Restate word for word only the lines running from the one with "ต้นมะพร้าวคู่ (Twin coconut" to the end of the data, both ends included. Omit any pictures.

»»

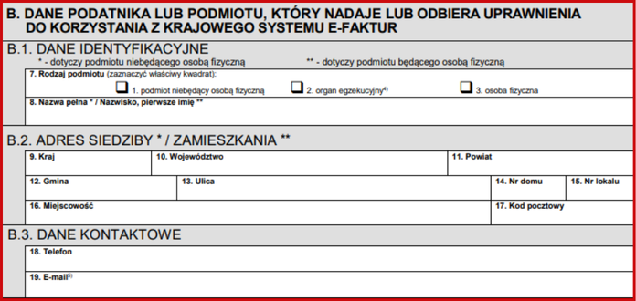 - B.1. Dane identyfikacyjne - wskaż dane identyfikacyjne podatnika lub podmiotu,
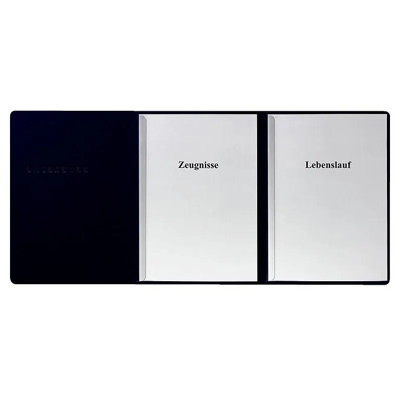 Recycling-Karton-Bewerbungsmappe A4 3tlg. RC-Karton schwarz. - Karton-Bewerbungsmappe A4 3tlg. RC-Karton schwarz - Bewerbungsmappe mit 2 transparenten Klemmschienen und Ausstanzungen zum Befestigen des Anschreibens. Mit Prägung Bewerbung - Werkstoff: Karton - ...
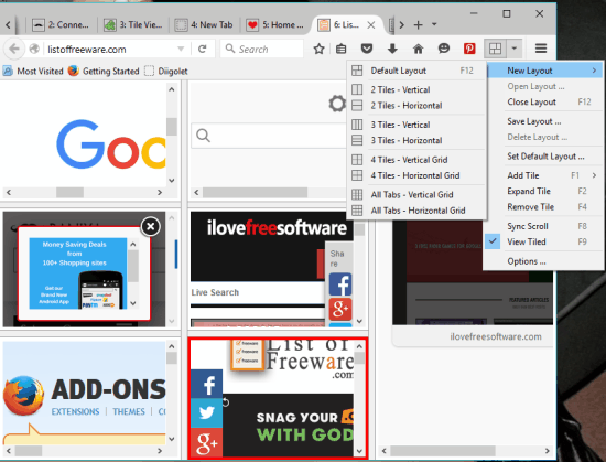 Above you can see tabs added as tiles by me using this free Tile View add-on. You will also be able to switch to some other layout or close the layout when needed. So the full control remains in your hands only.
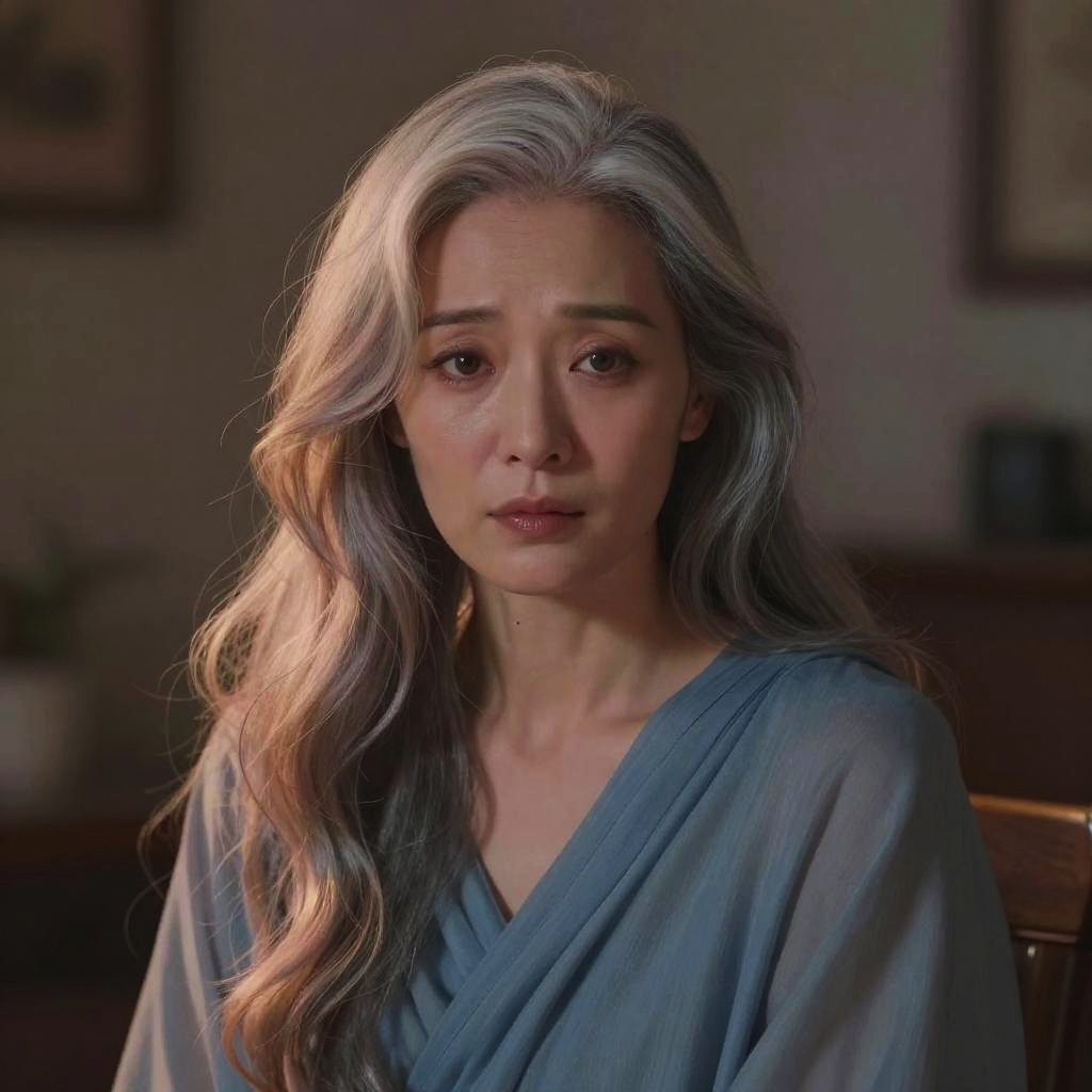 Soft anime‑style digital painting of a beautiful young woman in her late forties with long flowing salt-and-pepper with warm rose-gold highlights hair and expressive eyes, wearing a draped smoky sapphire garment, gently illuminated by diffused light in a muted, enclosed setting, her gaze direct and emotional, detailed facial features and soft textures with pastel highlights, conveying a mood of quiet vulnerability and intimacy
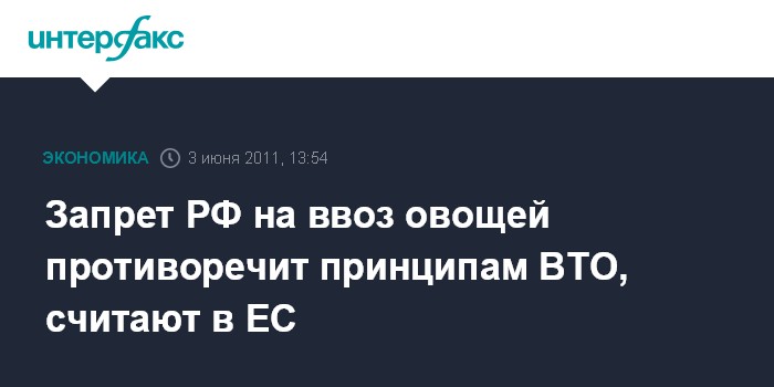 Москва. 3 июня. INTERFAX.RU - Запрет Россией ввоза всех овощей из всех стран-членов Евросоюза идет вразрез с принципами ВТО, куда Россия планирует вступить в ближайшем будущем, заявил представитель Евросоюза в Москве Фернандо Валенсуэла.
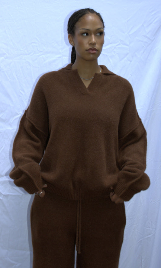 Raw edge polo sweater in brown - AKTOBE
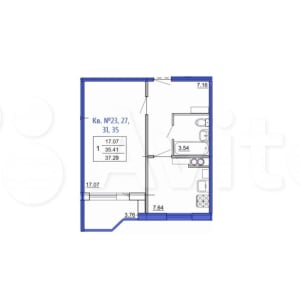 - Общая площадь: 37.3 м²
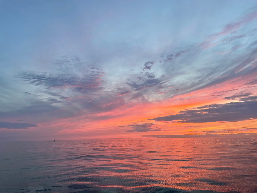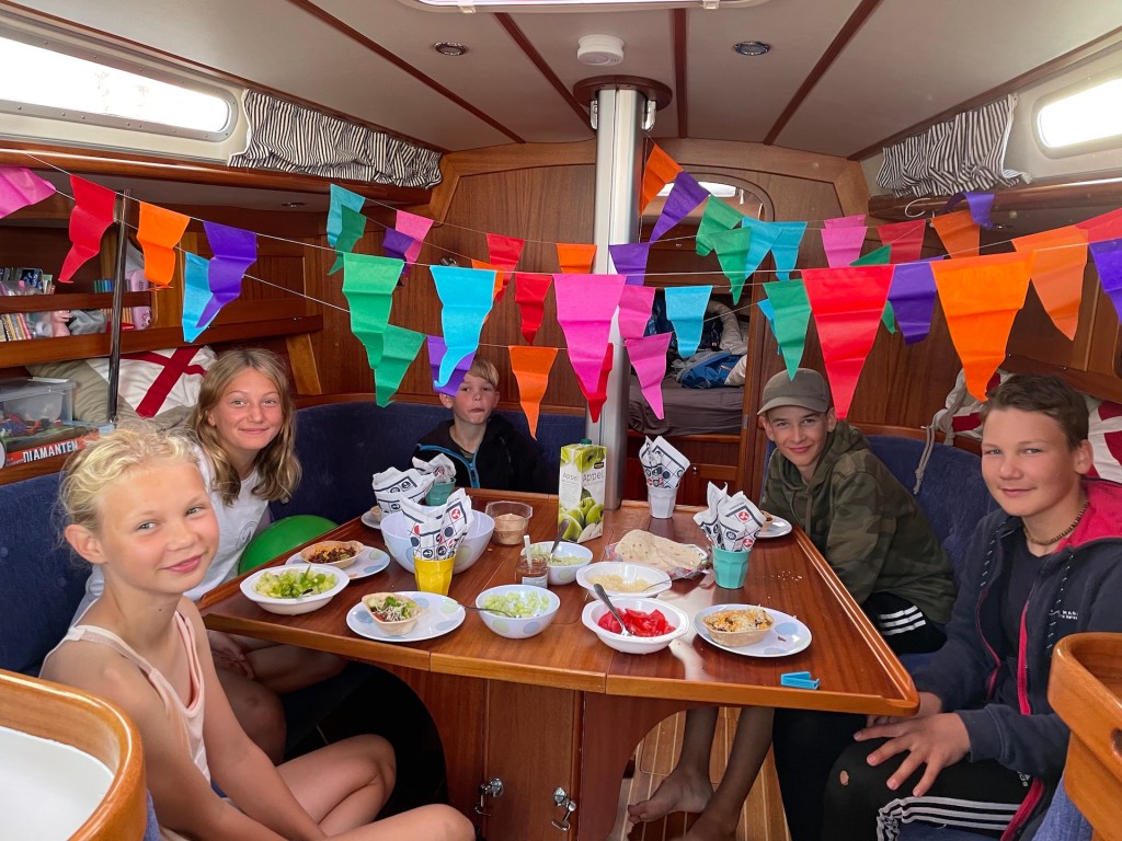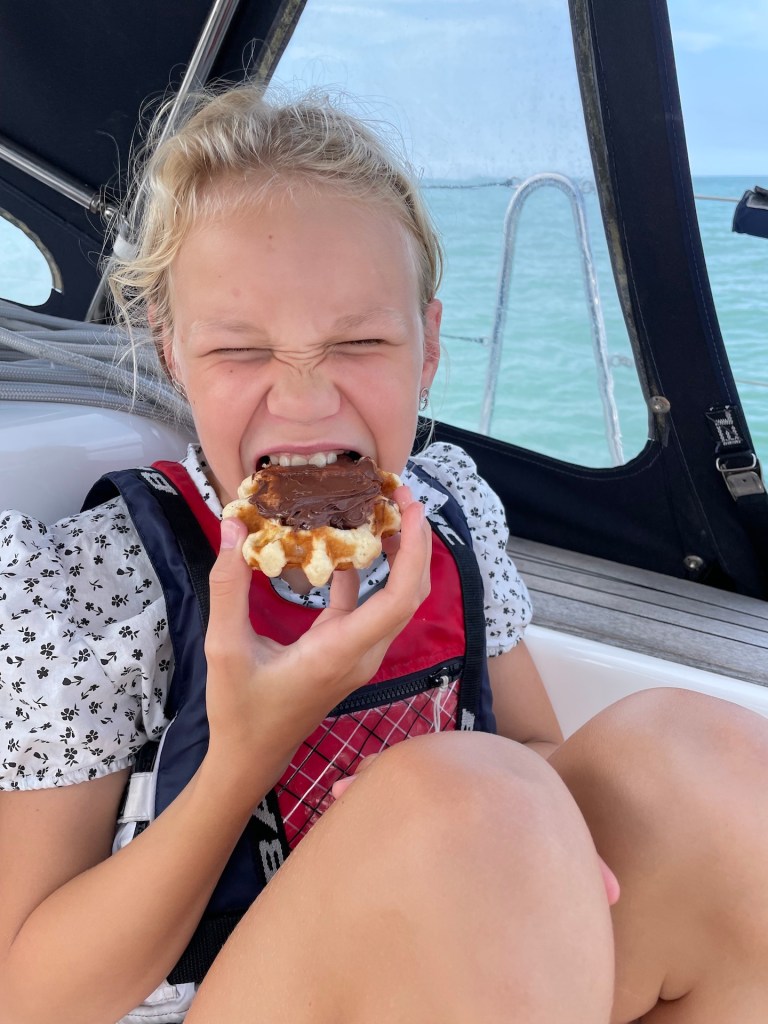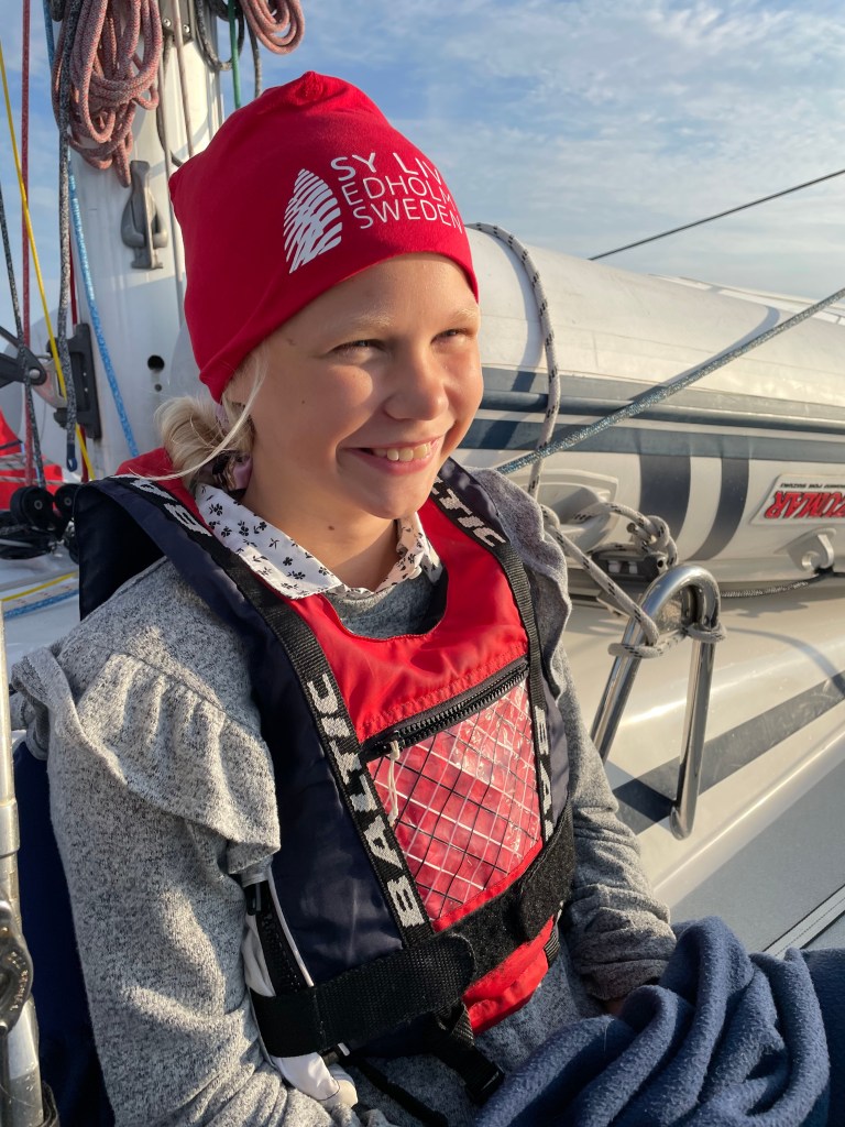 We did some longer legs of sailing this week, longer than 24h, and one of them started with a big surprise! When we (Sanna and Jonas) woke up, we received a message from Alma “Let me sleep, I have done pasta salad. If you don’t believe me – look in the refrigerator. Hope it goes well in the morning
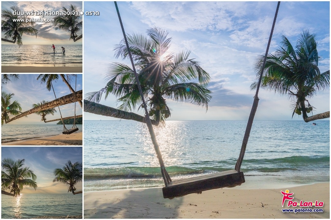 ต้นมะพร้าวคู่ (Twin coconut palm tree) ที่หาดคลองเจ้า ถือเป็นหนึ่งในจุดเช็กอินสำคัญของเกาะกูด ต้นมะพร้าวคู่สองต้นนี้อยู่ในพื้นที่ของ ไฮซีซั่น พูลวิลล่า แอนด์ สปา บริเวณหาดคลองเจ้า เป็นชายหาดทอดยาวประมาณ 600 เมตร อยู่ทางด้านทิศตะวันตกของเกาะกูด โดยคนท้องถิ่นในสมัยโบราณมีความเชื่อกันว่า ที่ไหนมีต้นมะพร้าวคู่ขึ้นอยู่จะนำโชคดีมาสู่ และจะช่วยป้องกันบริเวณนั้นจากฟ้าผ่าได้ ซึ่งระหว่างต้นมะพร้าวต้นใหญ่สองต้นที่พร้อมใจกันโน้มเอนเข้าหาทะเลก็จะมีชิงช้าไม้เรียบง่ายแต่สุดเก๋ผูกอยู่ ชวนให้ใครต่อใครอยากไปนั่งโล้ชิงช้าถ่ายรูปสวยๆ ที่นี่เป็นที่ระลึก โดยเฉพาะอย่างยิ่งวิวพระอาทิตย์ตกยามเย็นตรงหน้าชิงช้านั้น ยิ่งงดงามและโรแมนติก
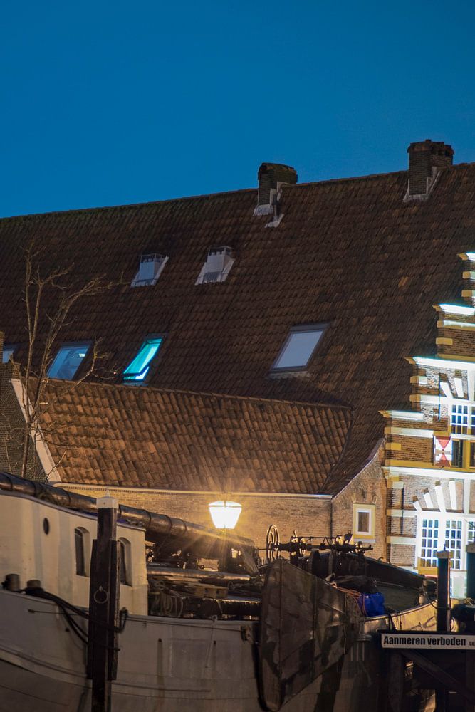 Foto van een gracht in Leiden. Deze foto is in de nacht gemaakt met een zogenaamde 'long exposure'. Dit geeft een dromerig effect.
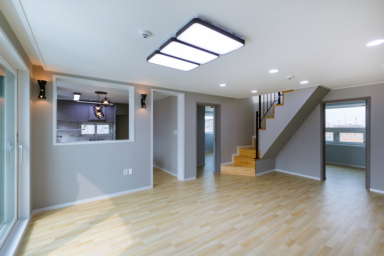 앞서 보셨던 한글주택의 완공 예시처럼 거실과 주방이 완전히 분리가 되어있는 형태지만 별도의 벽으로 분리를 한 것이 아닌 완벽히 공간자체가 나누어져 있으며, 거실과 주방의 사이를 연결해주는 복도와 계단실이 자리하고 있습니다.

««

- OUTPUT -
 ต้นมะพร้าวคู่ (Twin coconut palm tree) ที่หาดคลองเจ้า ถือเป็นหนึ่งในจุดเช็กอินสำคัญของเกาะกูด ต้นมะพร้าวคู่สองต้นนี้อยู่ในพื้นที่ของ ไฮซีซั่น พูลวิลล่า แอนด์ สปา บริเวณหาดคลองเจ้า เป็นชายหาดทอดยาวประมาณ 600 เมตร อยู่ทางด้านทิศตะวันตกของเกาะกูด โดยคนท้องถิ่นในสมัยโบราณมีความเชื่อกันว่า ที่ไหนมีต้นมะพร้าวคู่ขึ้นอยู่จะนำโชคดีมาสู่ และจะช่วยป้องกันบริเวณนั้นจากฟ้าผ่าได้ ซึ่งระหว่างต้นมะพร้าวต้นใหญ่สองต้นที่พร้อมใจกันโน้มเอนเข้าหาทะเลก็จะมีชิงช้าไม้เรียบง่ายแต่สุดเก๋ผูกอยู่ ชวนให้ใครต่อใครอยากไปนั่งโล้ชิงช้าถ่ายรูปสวยๆ ที่นี่เป็นที่ระลึก โดยเฉพาะอย่างยิ่งวิวพระอาทิตย์ตกยามเย็นตรงหน้าชิงช้านั้น ยิ่งงดงามและโรแมนติก
 Foto van een gracht in Leiden. Deze foto is in de nacht gemaakt met een zogenaamde 'long exposure'. Dit geeft een dromerig effect.
 앞서 보셨던 한글주택의 완공 예시처럼 거실과 주방이 완전히 분리가 되어있는 형태지만 별도의 벽으로 분리를 한 것이 아닌 완벽히 공간자체가 나누어져 있으며, 거실과 주방의 사이를 연결해주는 복도와 계단실이 자리하고 있습니다.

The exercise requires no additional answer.